# Well Its Been Nice



## Leo Porcello (Jul 10, 2003)

Well fellow waterfowlers it has been nice however it is time to go. Some just can't take my brand of sarcasim and my odd sense of humor. Anyone that has shaked my hand knows that I really love to rib. The also know I love to help and educate even if it costs me. Unfortunetly some of you have taken it to heart and way too serious. So I feel it is best to not post any more because I won't change who I am and I really don't like to unessesary piss people off.

Now this is how I really feel about a few things. Alot of you guys think the rest of the country is ignorant about the #s of birds that are here and what a true paradise it is. And it is funny how some of you are putting people down for posting their hunts but then you go to your photo albums and there are dead birds everywhere. Anyone with a ounce of common sense can pick this out. You can also sense the fear because the birds are getting smarter and some of you are actually having to learn how to hunt these birds. OH NO there is another party a half mile away what will we ever do.

Then you have the leeches of the site sucking the blood out of every post. Just lurking away hoping to get a little morsel of info. Or should I call them park pigeons hoping for some bread crumbs. That is why I post north of town or south of town. If you want more specifics then you could PM me and then I would give the general area. Some of you expect GPS coordinates. I did the math I have spent over $900 bucks on fuel scouting between the early season and the regular season. Unless your helping flip that bill your not getting the X. If you want the birds your gonna have to find them. Just tonight I found a pond that is approx 1.5 miles long and about 200 feet wide. It was solid ducks and most were mallards. I could hear them making noise almost a mile away. You guestimate how many there are sitting there.

This is a great website and there is a lot of info and I think that is its purpose. And whether your posting or if your PMing the ND news is getting out. There is no denying that.

I love my waterfowl. Plain and simple! And I think it is a shame some of you want to hoard it all to yourself. And that is fine. However I am a sharer and a helper. If you only knew the #s of PMs I have received asking where, when, and how. You all can say you don't care but some of you have PMd me yourselves and that makes you hypocrites. At least I have the sack to put my stuff out in the open. I honestly think that some have some hatred cause some BASER has come here and done so well while some of you that are suppose to be so great have falling flat on your face!

So in closing I will start deleting my pictures to help keep the ND secret just that and I will start deleting my posts as well. And CBASS honey if you despise them so much why do you read them? Oh yaaa cause you don't care.  For some of you that I have been PMing I will send you my e-mail address and will continue to help you out as much as possible. Remeber guys we are all in it for the same reason. I think a bit of education will go a lot further than the Its all mine attitude.

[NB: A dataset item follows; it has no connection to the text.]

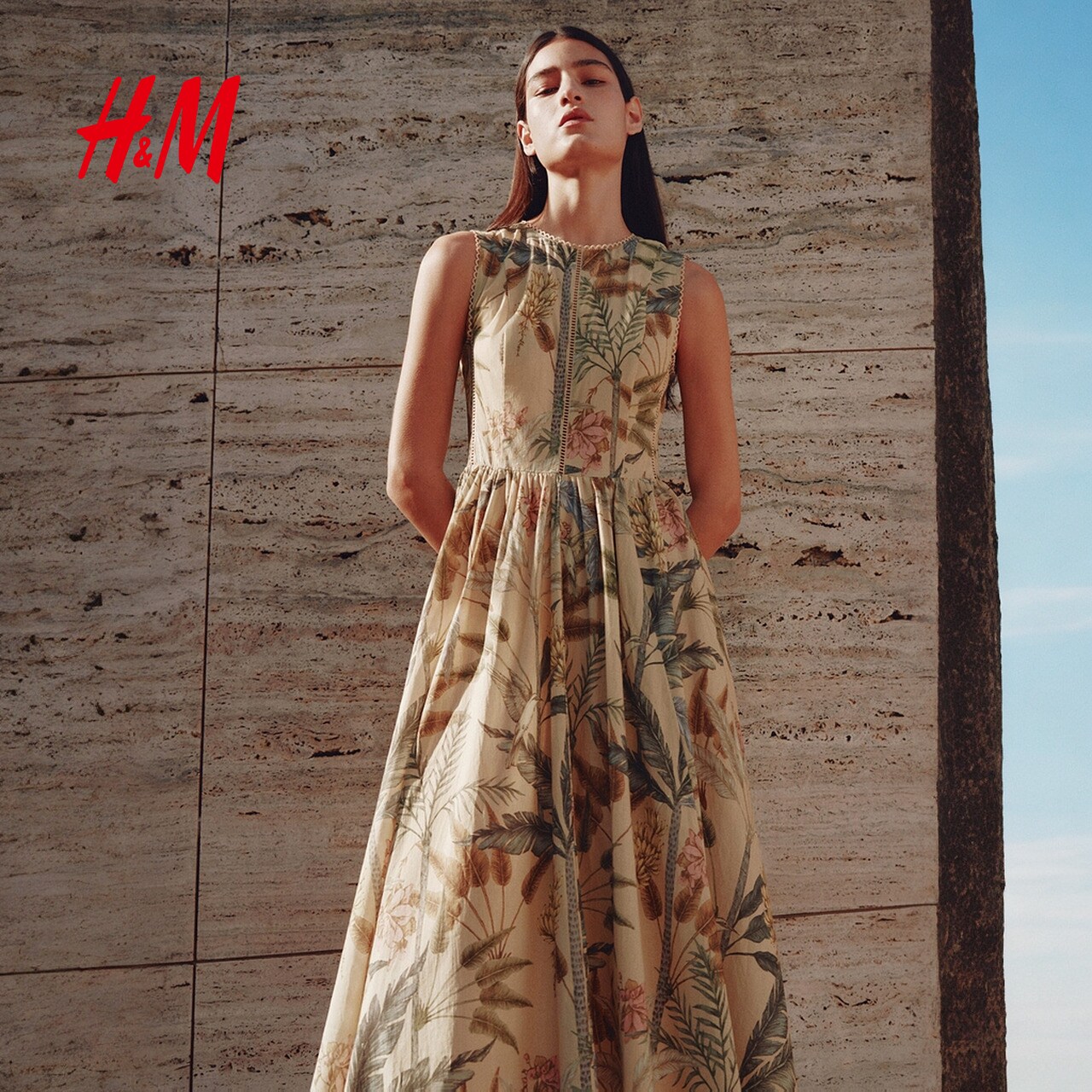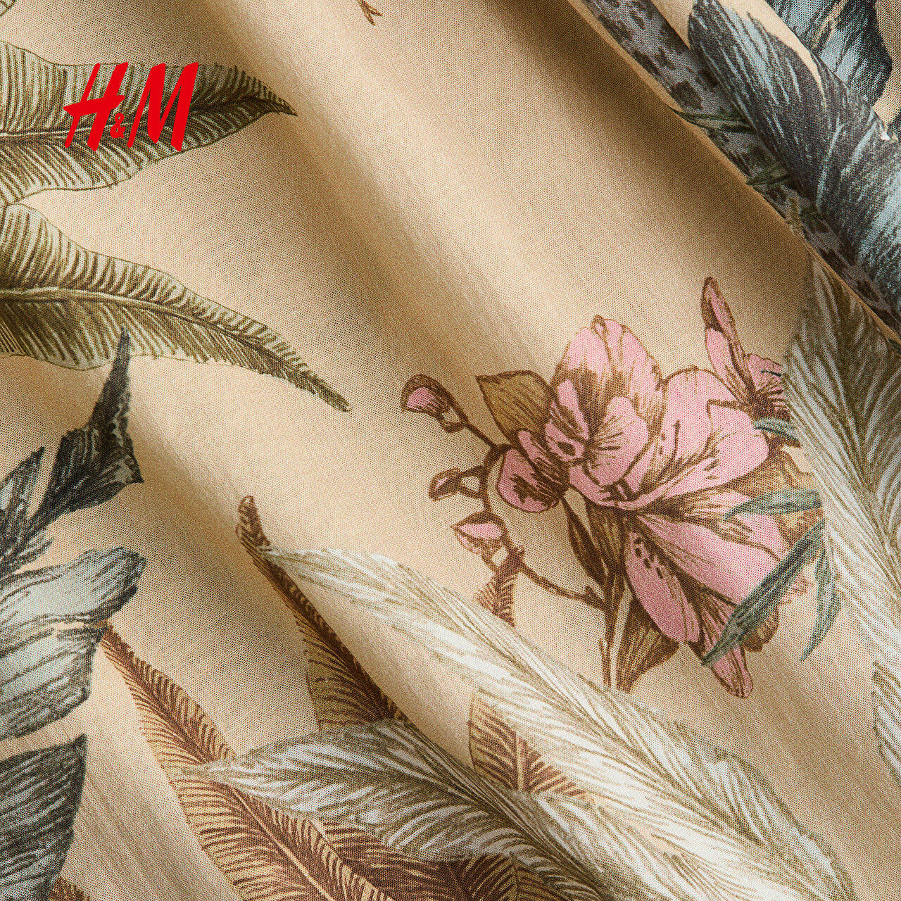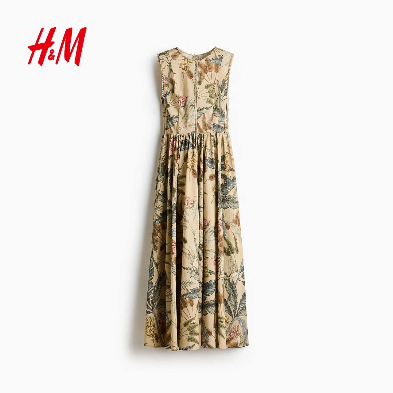 HM女装连衣裙2026春季新款植物印花蕾丝装饰棉质连身裙1329816

So once again I do apologize that I have rattled some of your cages!! And ya I won't let the door hit me in the butt and I know good riddens to the arrogant POS. Just remember if you find your in a bind and you need a little help with your goose hunting you can contact the A-Team Baby!!!


----------



## GooseBuster3 (Mar 1, 2002)

Well then, it was a pleasure. Have a good season chopper!


----------



## nodakoutdoors.com (Feb 27, 2002)

It's a damn shame to see you leave PC. You've never picked a fight and always helped others.


----------



## curty (Sep 18, 2003)

How about a change in mind Pork Chop....some of us enjoy reading your posts....


----------



## RWHONKER (Dec 22, 2003)

I for one enjoy reading your posts, don't let a few idiots drive you away from the site.


----------



## Remmi_&amp;_I (Dec 2, 2003)

See ya Chop! Your posts will be missed !


----------



## Goosepride (Sep 29, 2003)

Sorry to see you go PorkChop. I've always enjoyed reading your posts and you have helped me without even trying to help me. I appreciate it. Stay in touch and maybe think about coming back once everything calms down.

Goosepride


----------



## cootkiller (Oct 23, 2002)

My hat goes off to porkshop for keeping to his convictions. If all of us were from the same stock then this world would be a better place. I too have never hidden my knowledge and get the PM's begging for info and I am not shy about asking fellow sportsmen to come to the Pridelands for a waterfowl hunt.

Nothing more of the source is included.